== DATA UNDER STUDY ==
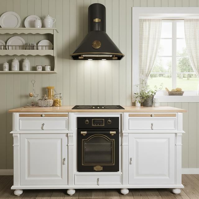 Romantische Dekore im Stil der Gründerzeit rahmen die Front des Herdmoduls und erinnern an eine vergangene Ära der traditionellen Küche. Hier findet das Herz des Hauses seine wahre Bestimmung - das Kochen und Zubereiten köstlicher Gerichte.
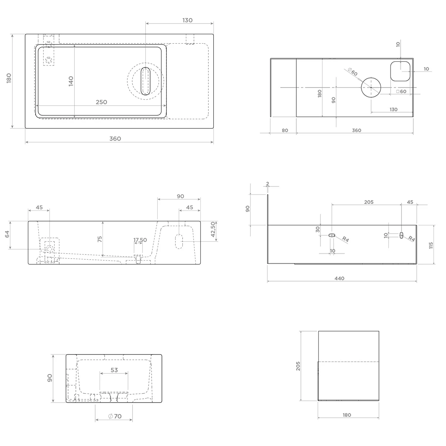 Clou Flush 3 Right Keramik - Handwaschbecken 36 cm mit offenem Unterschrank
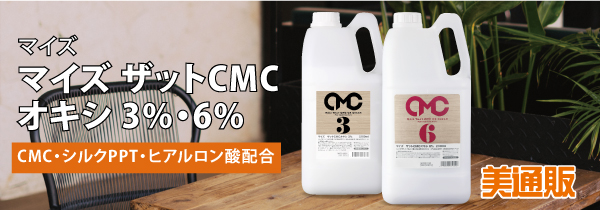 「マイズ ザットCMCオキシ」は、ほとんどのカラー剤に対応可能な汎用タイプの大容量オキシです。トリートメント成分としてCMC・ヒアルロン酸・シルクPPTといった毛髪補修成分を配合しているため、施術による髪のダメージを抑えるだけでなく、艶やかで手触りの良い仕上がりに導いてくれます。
===
== DATA UNDER STUDY ==
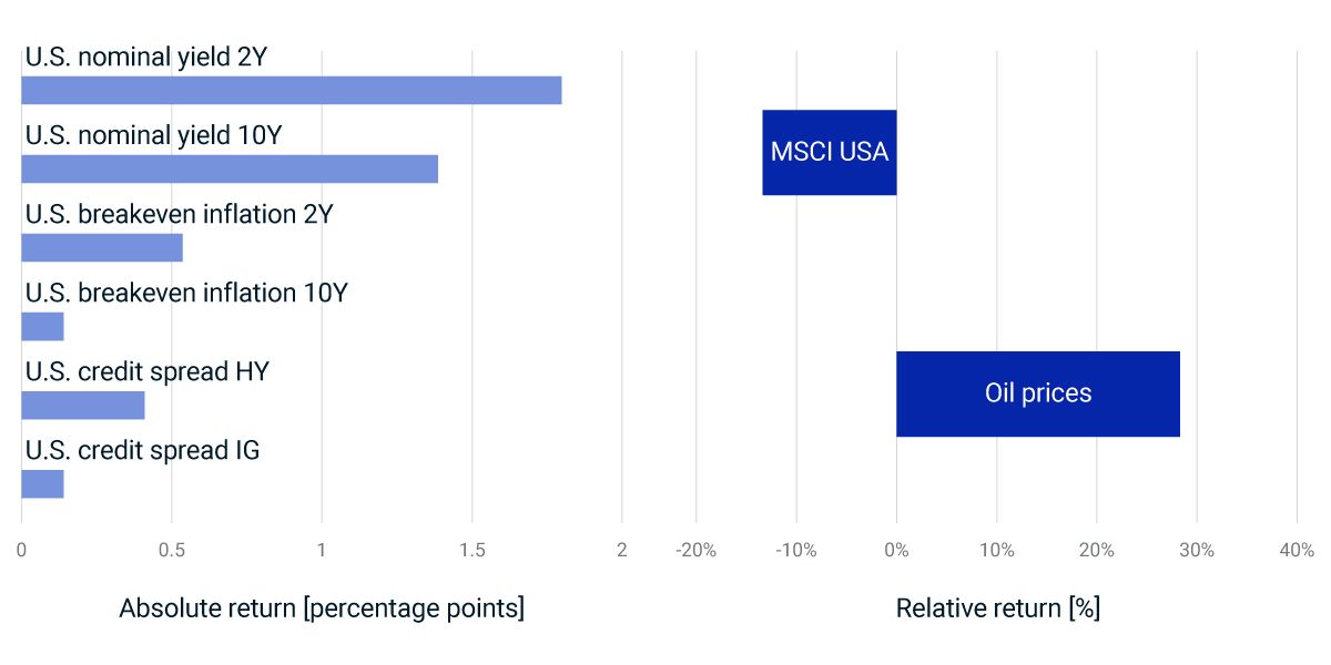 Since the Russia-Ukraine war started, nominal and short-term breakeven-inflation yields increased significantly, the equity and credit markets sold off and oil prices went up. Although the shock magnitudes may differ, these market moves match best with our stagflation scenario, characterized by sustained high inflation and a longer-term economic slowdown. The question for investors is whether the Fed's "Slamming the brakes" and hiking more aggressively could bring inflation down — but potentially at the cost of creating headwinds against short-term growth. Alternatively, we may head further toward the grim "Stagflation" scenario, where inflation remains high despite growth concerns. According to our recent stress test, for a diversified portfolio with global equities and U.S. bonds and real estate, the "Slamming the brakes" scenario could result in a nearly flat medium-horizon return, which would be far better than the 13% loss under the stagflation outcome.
===
**EXERCISE OBJECTIVE**
Copy exactly the lines of the entries above from the one containing "Romantische Dekore im" through the one containing "Clou Flush 3". Both end lines count; pictures do not.

**SOLUTION TO THIS PROBLEM**
 Romantische Dekore im Stil der Gründerzeit rahmen die Front des Herdmoduls und erinnern an eine vergangene Ära der traditionellen Küche. Hier findet das Herz des Hauses seine wahre Bestimmung - das Kochen und Zubereiten köstlicher Gerichte.
 Clou Flush 3 Right Keramik - Handwaschbecken 36 cm mit offenem Unterschrank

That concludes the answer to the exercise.